Start of Block

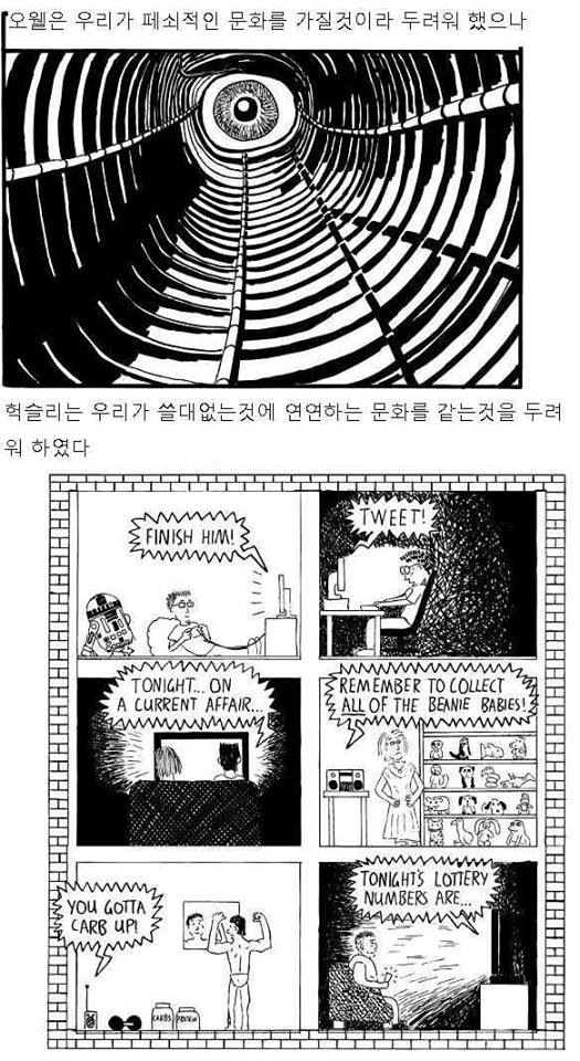 한마디로 오웰은 우리가 증하는 것들이 우리를 망하게 한다고 생각했지만
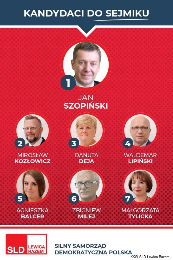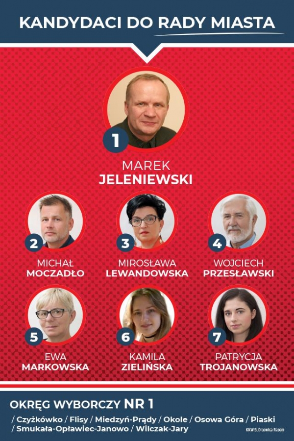 Prezentujemy kandydatki i kandydatów startujących w ramach Koalicyjnego Komitetu Wyborczego SLD Lewica Razem do Rady Miasta Bydgoszczy, kandydatkę na urząd prezydenta Bydgoszczy oraz listę do Sejmiku Wojewódzkiego w okręgu nr 1 - Bydgoszcz.
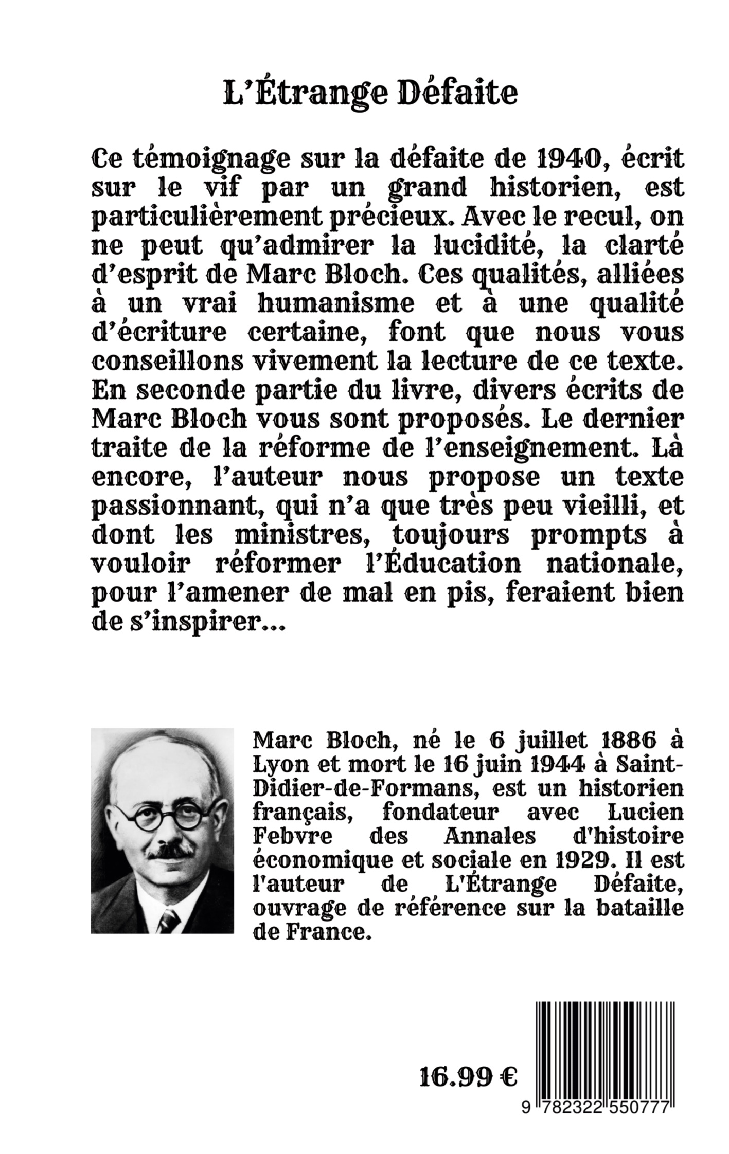 Ce témoignage sur la défaite de 1940, écrit sur le vif par un grand historien, est particulièrement précieux. Avec le recul, on ne peut qu'admirer la lucidité, la clarté d'esprit de Marc Bloch. Ces qualités alliées à un vrai humanisme et à une qualité d'écriture certaine, font que nous vous conseillons vivement la lecture de ce texte. En seconde partie du livre, divers écrits de Marc Bloch vous sont proposés. Le dernier traite de la réforme de l'enseignement, qui n'a que très peu vieilli, et dont les ministres, toujours prompts à vouloir réformer l'éducation nationale, pour l'amener de mal en pis, feraient bien de s'inspirer.
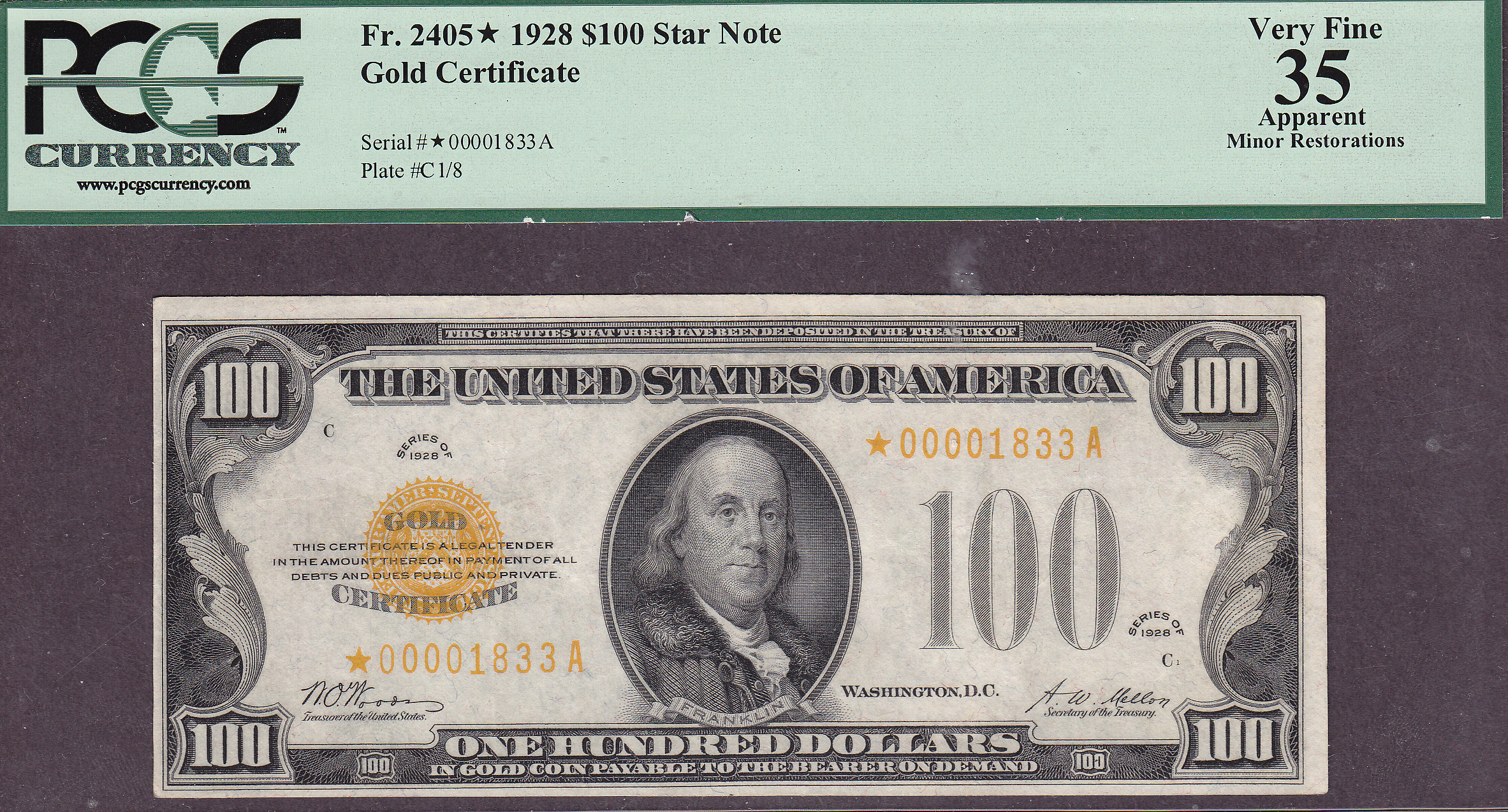 POP2/1 finer. I know most of you collectors have never seen one of these. It is a 1928 $100 Gold Certificate STAR note. There are less than 9 or 10 known and this is the SECOND FINEST known according to the PMG and PCGS pop reports with a PCGS-50 being higher. This note along the 1928 $50 Gold Certificate STAR note that I have on the website came out of an old 1980 collection. The $50 Gold STAR is also the second finest known. Neither star notes have ever been offered to the public or through any auction house. Both star notes are new to the census!
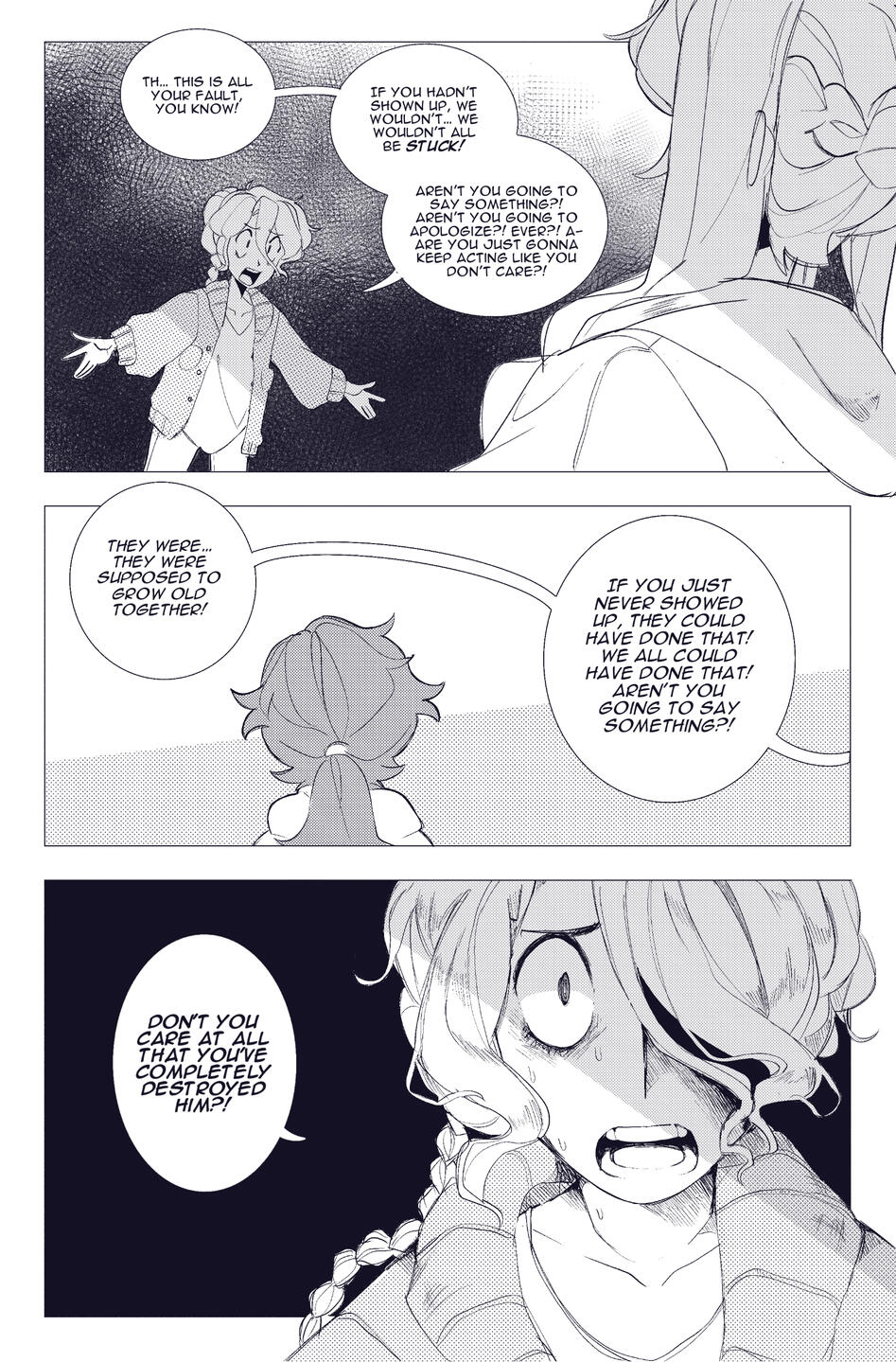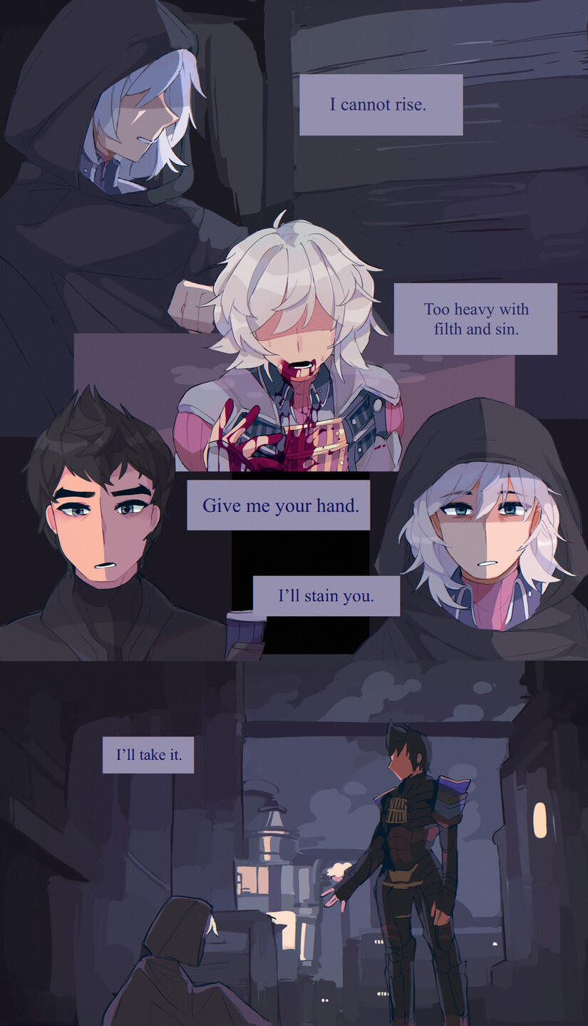 This page is for exhibiting my storytelling via comic pages. Some are related to personal projects, and some are fanart comics for video games and other media.This will include both fully rendered comic pages and short sketches. Approaching blood warning, as well as unnerving imagery.

End of Block

The whole listing should be transcribed exactly, though its pictures must be left out.

• [Response for this exercise]
 한마디로 오웰은 우리가 증하는 것들이 우리를 망하게 한다고 생각했지만
 Prezentujemy kandydatki i kandydatów startujących w ramach Koalicyjnego Komitetu Wyborczego SLD Lewica Razem do Rady Miasta Bydgoszczy, kandydatkę na urząd prezydenta Bydgoszczy oraz listę do Sejmiku Wojewódzkiego w okręgu nr 1 - Bydgoszcz.
 Ce témoignage sur la défaite de 1940, écrit sur le vif par un grand historien, est particulièrement précieux. Avec le recul, on ne peut qu'admirer la lucidité, la clarté d'esprit de Marc Bloch. Ces qualités alliées à un vrai humanisme et à une qualité d'écriture certaine, font que nous vous conseillons vivement la lecture de ce texte. En seconde partie du livre, divers écrits de Marc Bloch vous sont proposés. Le dernier traite de la réforme de l'enseignement, qui n'a que très peu vieilli, et dont les ministres, toujours prompts à vouloir réformer l'éducation nationale, pour l'amener de mal en pis, feraient bien de s'inspirer.
 POP2/1 finer. I know most of you collectors have never seen one of these. It is a 1928 $100 Gold Certificate STAR note. There are less than 9 or 10 known and this is the SECOND FINEST known according to the PMG and PCGS pop reports with a PCGS-50 being higher. This note along the 1928 $50 Gold Certificate STAR note that I have on the website came out of an old 1980 collection. The $50 Gold STAR is also the second finest known. Neither star notes have ever been offered to the public or through any auction house. Both star notes are new to the census!
 This page is for exhibiting my storytelling via comic pages. Some are related to personal projects, and some are fanart comics for video games and other media.This will include both fully rendered comic pages and short sketches. Approaching blood warning, as well as unnerving imagery.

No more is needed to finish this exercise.